### ACTIVITY
Everything from the line with "Both in-person and" down to the line with "Secondo il 69%" below must be printed exactly, those two lines included. Exclude pictures.

### INFORMATION
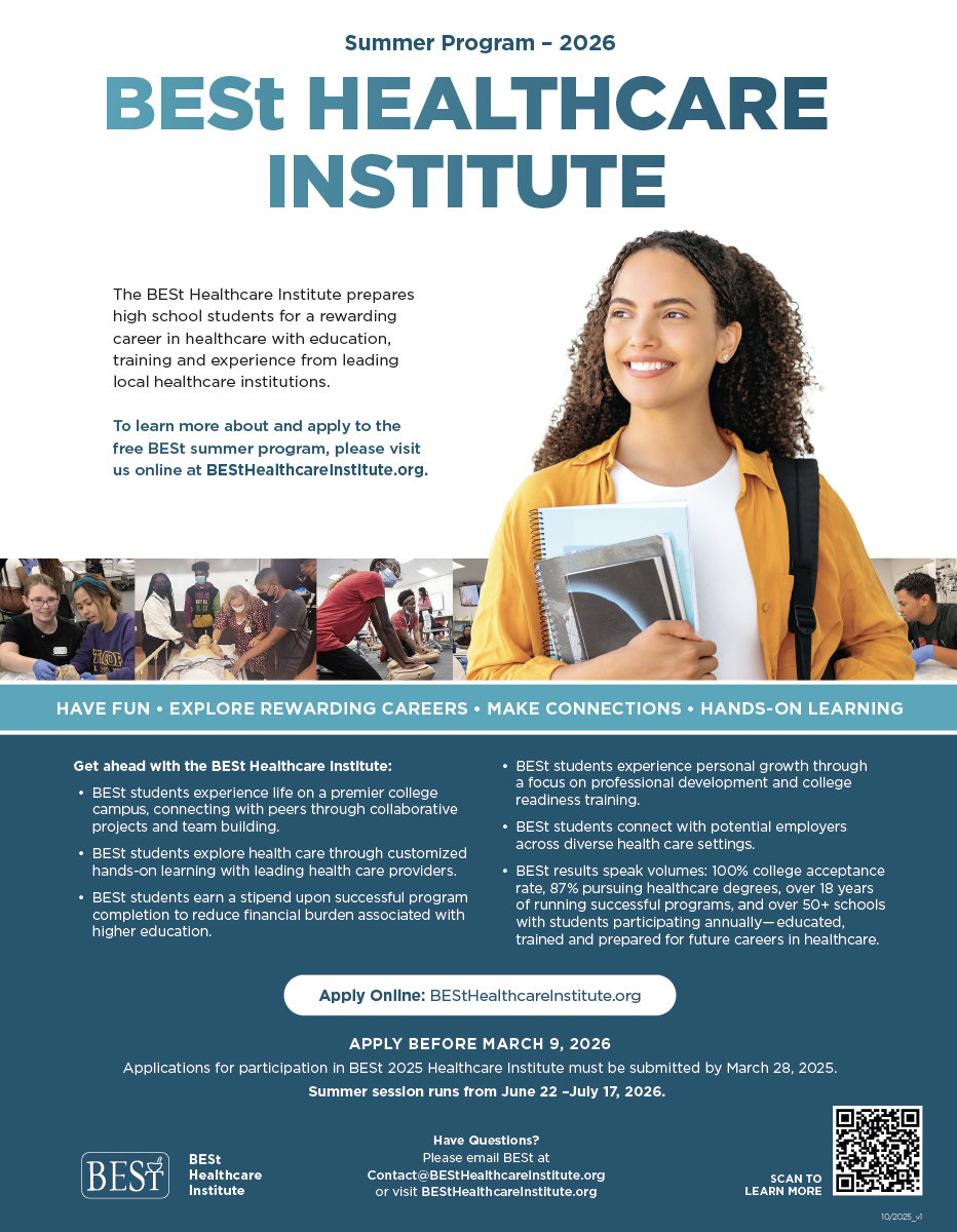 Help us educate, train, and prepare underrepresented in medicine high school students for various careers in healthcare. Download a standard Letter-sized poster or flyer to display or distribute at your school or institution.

==

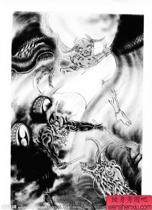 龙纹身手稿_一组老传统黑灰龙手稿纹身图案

---

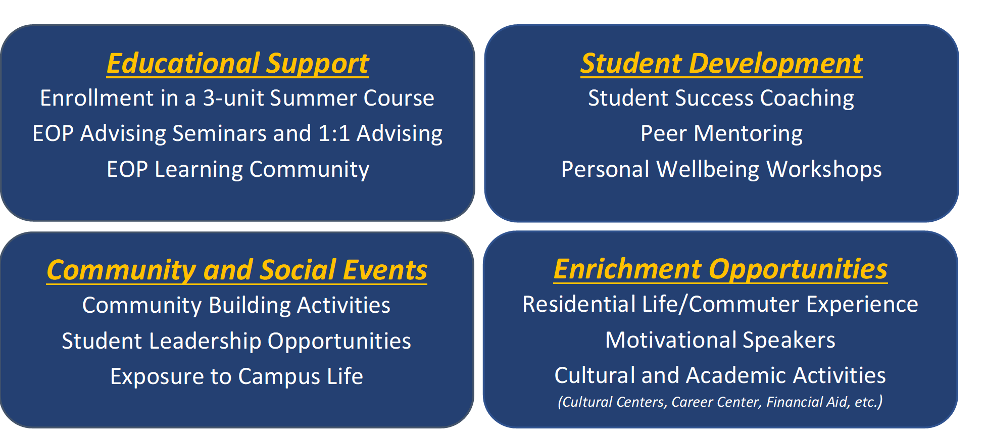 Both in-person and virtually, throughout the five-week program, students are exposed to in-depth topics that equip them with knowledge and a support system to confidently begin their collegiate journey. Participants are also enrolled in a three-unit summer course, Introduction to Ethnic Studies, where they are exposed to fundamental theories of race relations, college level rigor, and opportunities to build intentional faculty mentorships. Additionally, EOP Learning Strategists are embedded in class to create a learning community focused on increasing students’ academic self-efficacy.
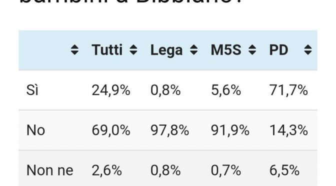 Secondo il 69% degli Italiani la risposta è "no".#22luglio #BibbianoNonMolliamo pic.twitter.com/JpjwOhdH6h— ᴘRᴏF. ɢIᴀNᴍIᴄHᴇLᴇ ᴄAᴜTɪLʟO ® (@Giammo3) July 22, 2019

### EXERCISE RESPONSE
 Both in-person and virtually, throughout the five-week program, students are exposed to in-depth topics that equip them with knowledge and a support system to confidently begin their collegiate journey. Participants are also enrolled in a three-unit summer course, Introduction to Ethnic Studies, where they are exposed to fundamental theories of race relations, college level rigor, and opportunities to build intentional faculty mentorships. Additionally, EOP Learning Strategists are embedded in class to create a learning community focused on increasing students’ academic self-efficacy.
 Secondo il 69% degli Italiani la risposta è "no".#22luglio #BibbianoNonMolliamo pic.twitter.com/JpjwOhdH6h— ᴘRᴏF. ɢIᴀNᴍIᴄHᴇLᴇ ᴄAᴜTɪLʟO ® (@Giammo3) July 22, 2019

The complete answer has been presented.